The underlying principle of JIT is one of continuous waste elimination and hence it is universally applicable. Obviously, the manner in which JIT principles are applied across different industries will vary. For example, in process industries, potential applications of JIT philosophy would include implementation vendor development and JIT purchasing. Furthermore the fundamental concept behind JIT manufacturing is getting the right product to the right place at the right time. This is achieved by correctly timing the supply chain so that as soon as a batch is processed, there is a new batch waiting to be processed. A steady flow of unfinished goods through the various production levels eliminates the need for extra materials to be kept in storage. In addition, JIT also eliminates waste associated with labor and time. JIT is key element in leading to lean production or lean system, which meant to turn higher productivity in an organization. Lean systems utilize the pull, push or combination of both method of workflow. The push method is applicable when the production of the item begins in advance of customer needs. In push system, the emphasis shifts to using the information about customers, suppliers and production to mange materials flows. Batches of raw materials are planned to arrive at a factory about when needed to make batches or parts and sub-assemblies. These assemblies are made and delivered to final assembly about when needed and finished products are assembled and shipped about when needed by customers.

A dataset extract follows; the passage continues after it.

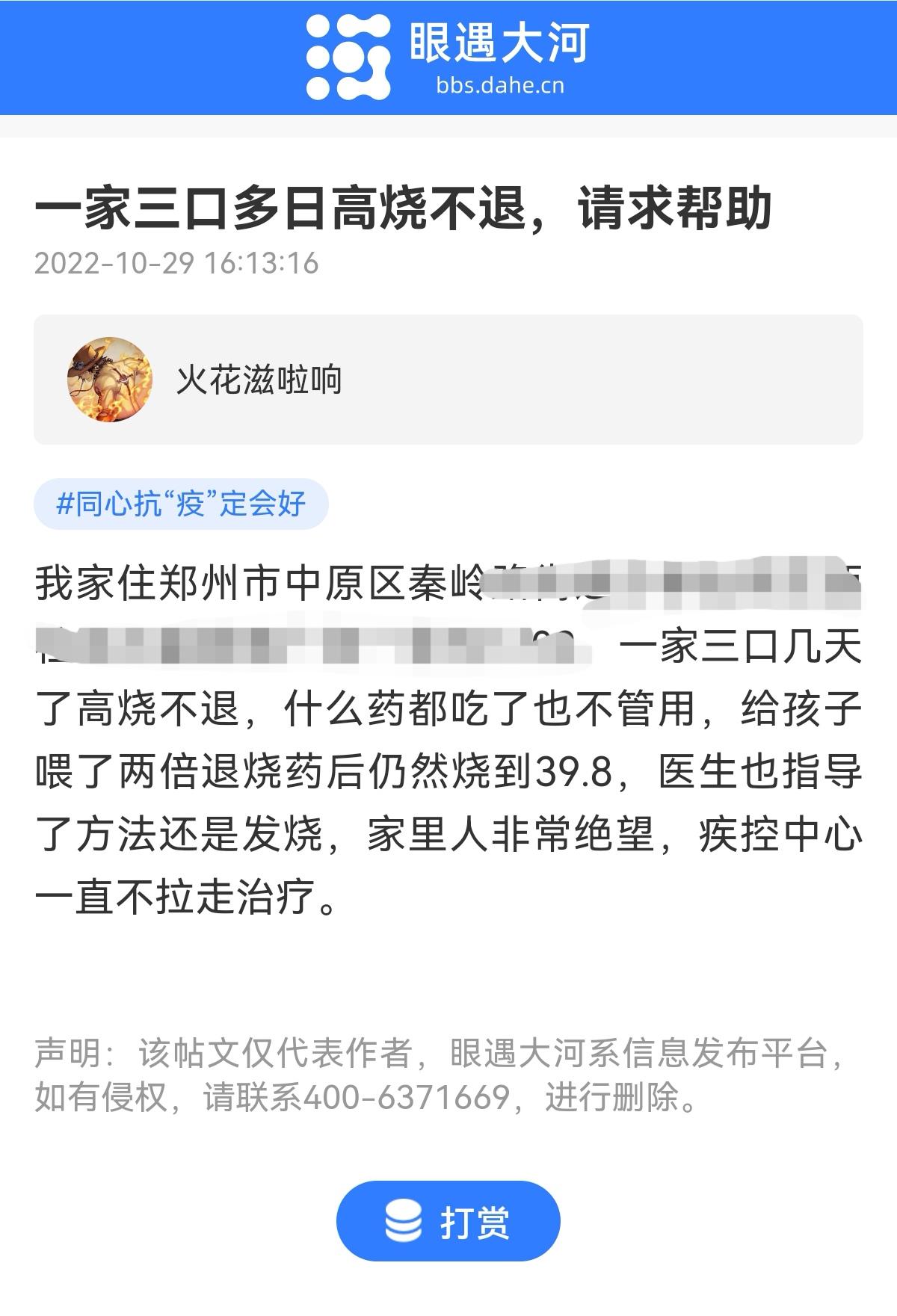 大河网讯(记者 祝传鹏) 一家三口几天了高烧不退,什么药都吃了也不管用,怎么办?10月29日,居住在郑州市中原区的网友胡先生通过“眼遇大河”平台留言,反映了自己的烦恼。

“Catch up with America in three years, otherwise the automobile industry of Japan will not survive”. After 2nd world war, Toyota Motor Company’s Chief Engineer, Taiichi Ohno began to examine the American industry and found that American manufacturers made great use of economic order quantities, the concept of lot and batch, before switching to another job, Ohno decided that waste that happened in America would have to be decreased if he were to develop a technique for Japan, as what he describe as “war on waste” so he proposed decreasing waste by making it were items only move through production when they are demanded, “Jidoka” which is the Japanese concept or quality program where inspection for problems would occur and stop the process until they were repaired, thereby reducing waste. Jidoka was a great system in order to prevent cost of quality by stopping at early stage of defects, and not only that, the system is also educates the entire employees from top to down in production line in identifying the cause and solutions. (Ettlie, 1990)

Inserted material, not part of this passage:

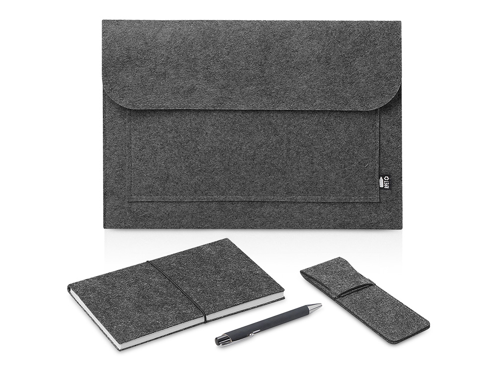 Стильный и функциональный набор для тех, кто ценит простоту и экологичность. В комплект входят: • Блокнот A5 в мягкой обложке из переработанного фетра, • Шариковая кнопочная ручка в бумажном корпусе с пластиковыми деталями, • Пенал для ручки из переработанного фетра, • Вместительный чехол для ноутбуков/планшетов до 14" из переработанного фетра, который служит упаковкой набора. Идеально подходит для офиса, учебы и путешествий. Лаконичный дизайн и натуральные материалы создают ощущение уюта и продуманности в каждой детали.

3M, manufacturing planners work with customer planners to develop strategies for each customer segment. Changes in the manufacturing flow process lead to shorter cycle times, meaning improved responsiveness to customers. (Lambert and Cooper, 2000). IBM uses continuous flow manufacture; Hewlett-Packard Company uses stockless production at one plant and repetitive manufacturing system at another, while many other companies use lean production. Synchronized material flow is still another term used. (Schonberger, 1998). JIT system improves the quality of the responsibility of every worker and not just quality control inspectors, reduce scrap and rework, reduce cycle times, lower setup times, smoothen production flow, decrease inventory of raw materials, work-in-progress and finished goods, incur cost savings, force higher productivity, increase worker participation, attracts a more skilled workforce, makes organization and employees able and wiling to switch roles, reduces space requirements, and improves relationships with suppliers. Since its introduction in Japan, and later introduced in the United States.Operations-based JIT concepts were correlated with both the product and process focused quality initiatives, these two constructs interacted. Inventory-based JIT concepts also interacted with product focused quality initiatives, suggesting that JIT practices, implemented to manage inventory, also enhanced quality. Reducing lot sizes, setup times and the supplier base, buying from JIT suppliers, and engaging in preventive maintenance are all well-documented operations practices for improving quality levels Therefore, the managerial implication here is that manufacturing firms should not ignore JIT practices and concepts. Thus the strengths of JIT system is that it does reduce overproduction, time spent waiting, transportation and movement of products, processing time, inventory levels, and/or defects that are produced in a plant. These processes thereby increase the profitability of an organization and make it leaner.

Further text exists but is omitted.